You want to know what kills the desire to seek harder things? When you have to complete a mountain of tedious bullshit that you largely already know to get anywhere, and there is no getting around it.

Sure. But that doesn't mean that the opportunities for hard things aren't there, just that you weren't motivated (and perhaps rightly so) to pursue them. Also, these things are only tedious because you already know them. It sounds like you went back to college because you saw an economic advantage in doing so and are upset because it wasn't also intellectually advantageous. In other words, you were optimizing for economics and not knowledge. If you were instead optimizing for knowledge, then it sounds like going back to college would not have been the best choice for you, although I still stand by the claim that it's impossible to go through college without being presented with an opportunity to learn something of deep and meaningful value.

Anyway, I think the problem is not so much that college is generally useless, but rather that there is an economic benefit for seemingly smart, self-educated people like yourself to go back to college even though the experience is perhaps not that useful for you otherwise.

EDIT:

My point is this: Just because you can pass classes you already know everything about with an easy A in college doesn't mean that there isn't an opportunity to learn more advanced things via the faculty and resources provided to you and it's partially on you to take advantage of those opportunities. Moreover, I think it's impossible to go through college and have none of those opportunities open to you.

With that being said, college isn't necessarily the best way to learn things, and whether or not it is is completely dependent on who you are.
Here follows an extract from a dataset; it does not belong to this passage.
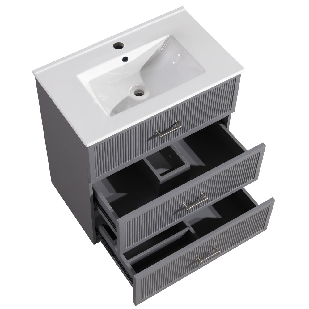 30 Inch Bathroom Vanity with Ceramic Sink Combo Set, Modern Freestanding Bathroom Storage Cabinet with 2 Drawers, Floor Standing Bath Vanity, Gray

In your case, college was probably economically advantageous in the long run, but sounds like it wasn't the best way to learn novel skills. This doesn't mean college isn't a valid way for people to educate themselves generally, as not everyone comes to college able to place out of everything.


If your subjects were that easy, it sounds like you weren't challenging yourself enough. Quantitative degrees like math or physics weed out a lot of people who simply can't complete the material. For most soft subjects, I agree that it's only a matter of putting in time, but those honestly aren't difficult or interesting (as you've noted).

If I'm looking at resumes and I see a person with straight As in a hard major, I know that not only can they "complete a list of work", but that they're also probably smart. If I see a person who has straight As but majored in social sciences, I really can't conclude much about them.


Even quantitative degrees just require patience and perseverance - it might be intimidating to be surrounded by people much better at math/physics/cs than you, but if you put in the time and effort, getting a degree in one of these subjects is very doable. It's a matter of effort rather than being smart.


I definitely agree. On the other hand, I do think that someone who has walked through the fire and pounded their head against hard concepts for 4 years legitimately comes out smarter in some dimensions.


Yes, I'd agree with that. I think a person's capability to increase how smart they are is generally underestimated.


It's a sliding scale of one and the other. I was in the middle range of intelligence among the rest of the physics majors at my school, so had to work reasonably hard to get decent grades. Some of the brightest didn't have to work so hard. But in fact many of them did anyway, and were able to accomplish wonderful things because of that.


My major was computer science. It's still just a list of work. The math largely isn't as difficult as it is poorly explained and tedious. It's possible to obtain an intuitive understanding of most topics, and when you do, it's practically trivial to derive the underlying equations.


There are a great many areas of computer science that are incredibly difficult. There are a lot of long standing open problems that some of the smartest people on earth cannot solve. Further, a university gives you some of the best access to resources around: lots of domain expertise in various areas and access to nearly every worthy journal article in the world.

It astonishes me that you could come out with the attitude that everything is easy and college doesn't teach you anything useful.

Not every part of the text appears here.